*** Opening of Source data ***
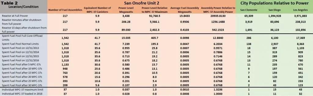 為有助于將燃料組件的相對功率數據放到上下文中,表2中提供了另外三列。該列將附近三個城市人口聯系到相對于MPC-37最大功率水平(即:列5數據)的功率水平。當反應堆關閉時,功率水平下降,燃料被卸載到乏燃料池,燃料被轉移到干式貯存,人口數量減少了同樣的百分比。
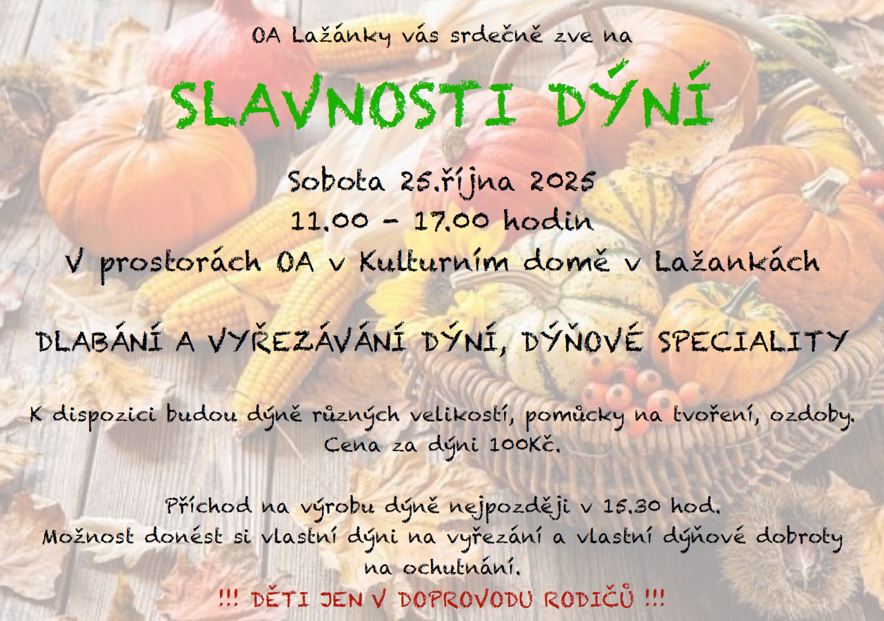 OA Lažánky vás srdečně zve na Slavnosti dýní v sobotu 25.10.2025 11-17hod. v prostorách OA v kulturním domě v Lažánkách. Budeme dlabat a vyřezávat dýně.
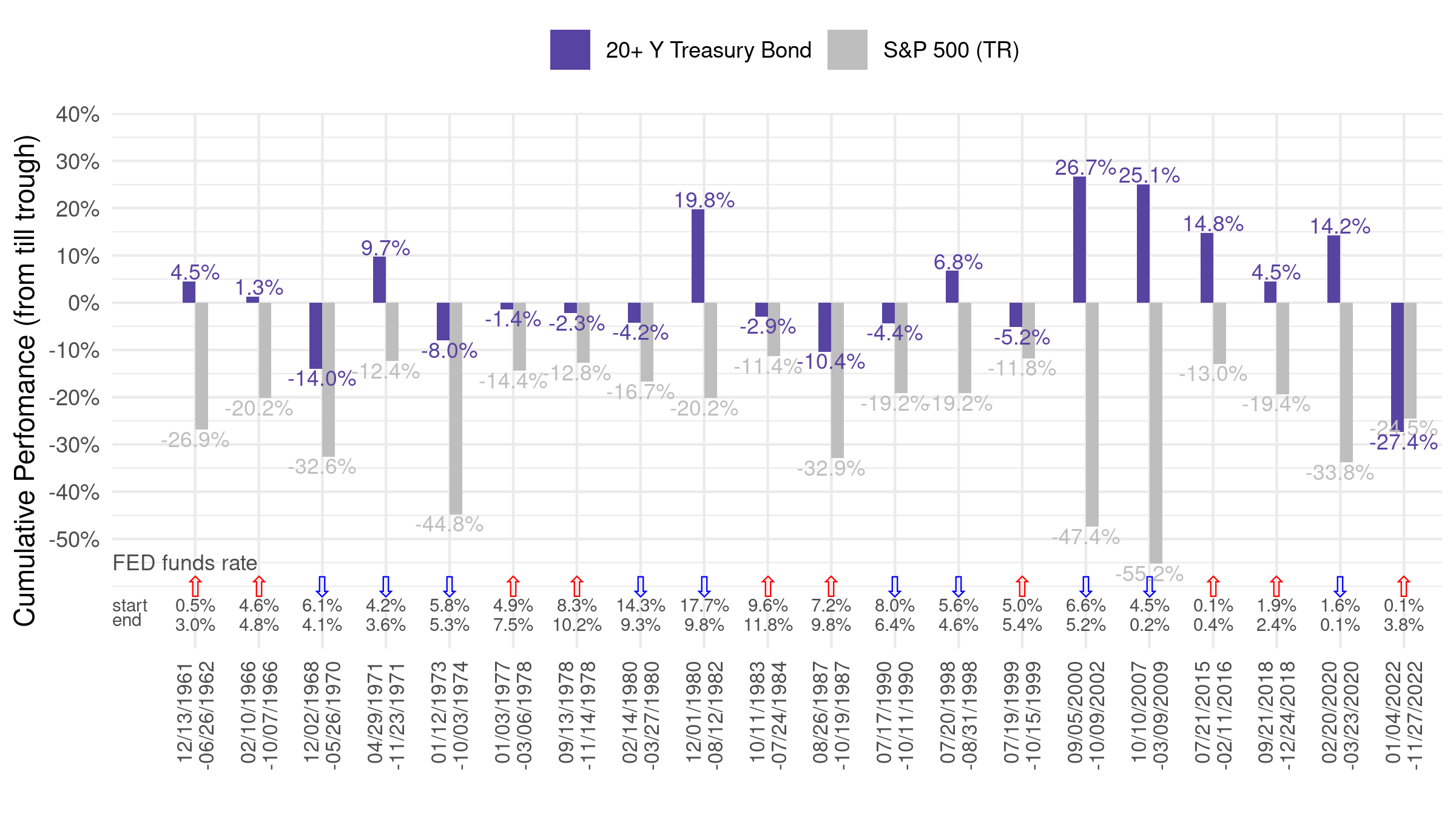In fact, 2022 was a very unusual year as both stocks and bonds suffered significant declines. Indeed, 20+ year treasuries declined more than 30% (!) last year, much worse than the stock market. The chart below looks at the returns of the S&P 500 and 20+ year U.S. Treasury bonds during periods when the Fed was either raising or lowering the Fed Funds rate. Take a moment to focus on the periods of rising rates identified by the little red arrows at the bottom of the chart.
*** Close of Source data ***
## Instructions for the task
Once the pictures are removed, repeat all of the data above exactly.

## Written response
 為有助于將燃料組件的相對功率數據放到上下文中,表2中提供了另外三列。該列將附近三個城市人口聯系到相對于MPC-37最大功率水平(即:列5數據)的功率水平。當反應堆關閉時,功率水平下降,燃料被卸載到乏燃料池,燃料被轉移到干式貯存,人口數量減少了同樣的百分比。
 OA Lažánky vás srdečně zve na Slavnosti dýní v sobotu 25.10.2025 11-17hod. v prostorách OA v kulturním domě v Lažánkách. Budeme dlabat a vyřezávat dýně.
In fact, 2022 was a very unusual year as both stocks and bonds suffered significant declines. Indeed, 20+ year treasuries declined more than 30% (!) last year, much worse than the stock market. The chart below looks at the returns of the S&P 500 and 20+ year U.S. Treasury bonds during periods when the Fed was either raising or lowering the Fed Funds rate. Take a moment to focus on the periods of rising rates identified by the little red arrows at the bottom of the chart.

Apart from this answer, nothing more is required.